Brazilian actor (born 1991)

Humberto Halbout Carrão Sinoti (/pt-BR/; born 28 August 1991) is a Brazilian actor, presenter, director and screenwriter.

== Career ==

=== 2000s ===
Humberto began his career in 2000, at the age of eight, in the series Bambuluá, playing Perversos, one of the boys in Magush's gang who wanted to destroy Bambuluá. In 2002, he was interviewed at his school by Alô, Vídeo Escola, on Canal Futura, during a program about pre-adolescence. In 2004, he played Diogo in the 11th season of Malhação, which was the most successful season of the series. In 2005, he joined the cast of the soap opera Bang Bang, playing Pablito. In 2005, he participated in an episode of Carga Pesada, a program starring Antônio Fagundes and Stênio Garcia, where he played the son of Vanessa Gerbelli's character in the series, receiving praise from Antônio Fagundes, who, when patting him on the back, said "muito bom hein". In 2007, the actor made a guest appearance on Sítio do Picapau Amarelo. In 2009, he returned to act in the series Malhação playing the villain Caio Lemgruber, who in the end ended up becoming the protagonist.

=== 2010s ===
In 2010, Carrão played Luti in the remake of Ti Ti Ti, a 1985 soap opera. To play this character, Humberto traveled to Spain to get references to compose it. Humberto was the drummer in the band “Olegários”, formed by him and his companions Helder Agostini and Felipe Basílio.

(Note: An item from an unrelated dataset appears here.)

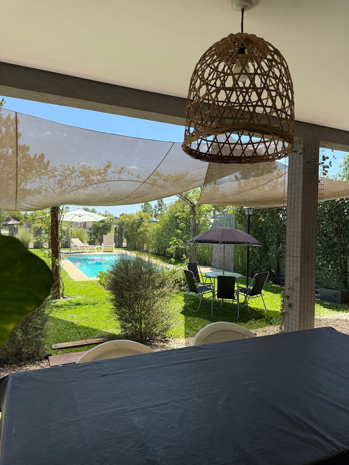 Súper y Relajante espacio en ėste tranquilo alojamiento, accesible, hermoso parque con todas las comodidades. la casa cuenta con amplio living comedor de 25 m2, con capacidad recomendable de 4 personas. Con cocina completa sin horno, baño con bidet. habitación principal con cama doble king 2X2 y otra hab con 2 camas individuales. Amplio patio verde de 30 m de prof. y espacio descubierto para el coche.. incluye sábanas y toallas flexible proceso de ingreso y egreso. consulte sus inquietudes!

He acted in the soap opera Cheias de Charme, as Elano, the good-natured brother of Maria da Penha, played by Taís Araújo. He was the romantic partner of another protagonist of the plot, Maria Aparecida (Isabelle Drummond). In 2013 he plays the dangerous Fabinho in the soap opera Sangue Bom, a work that marks his second partnership with Isabelle Drummond. Just like his character Caio, Fabinho also regenerates little by little, after he truly falls in love with Giane, Isabelle's character. In 2014, he plays the programmer Davi in Now Generation, repeating once again the partnership with the authors Filipe Miguez and Izabel de Oliveira and with his soap opera partner Isabelle Drummond. In 2015, he presented the program Pausa Pro Café, on Canal Brasil, which talks about the country's short films. In the same year, he debuted his first work as director, screenwriter and producer in the award-winning short film À Festa. À Guerra, which participated in 18 festivals in and outside Brazil, winning eight awards. The following year, he directed his second short film, also award-winning, Regeneração. In 2016, he made his primetime debut as the womanizer Tiago in A Lei do Amor, forming a love triangle with Isabella Santoni and Alice Wegmann. From 2019 to 2021, he acted in the soap opera Amor de Mãe, by Manuela Dias, in the role of Sandro, who as a baby was sold by his mother Vitória (Taís Araújo) in adolescence and was raised in a favela by a baby trafficker, Kátia (Vera Holtz).

=== 2020s ===
In 2020, he wrote his first feature film with the author Ana Maria Gonçalves.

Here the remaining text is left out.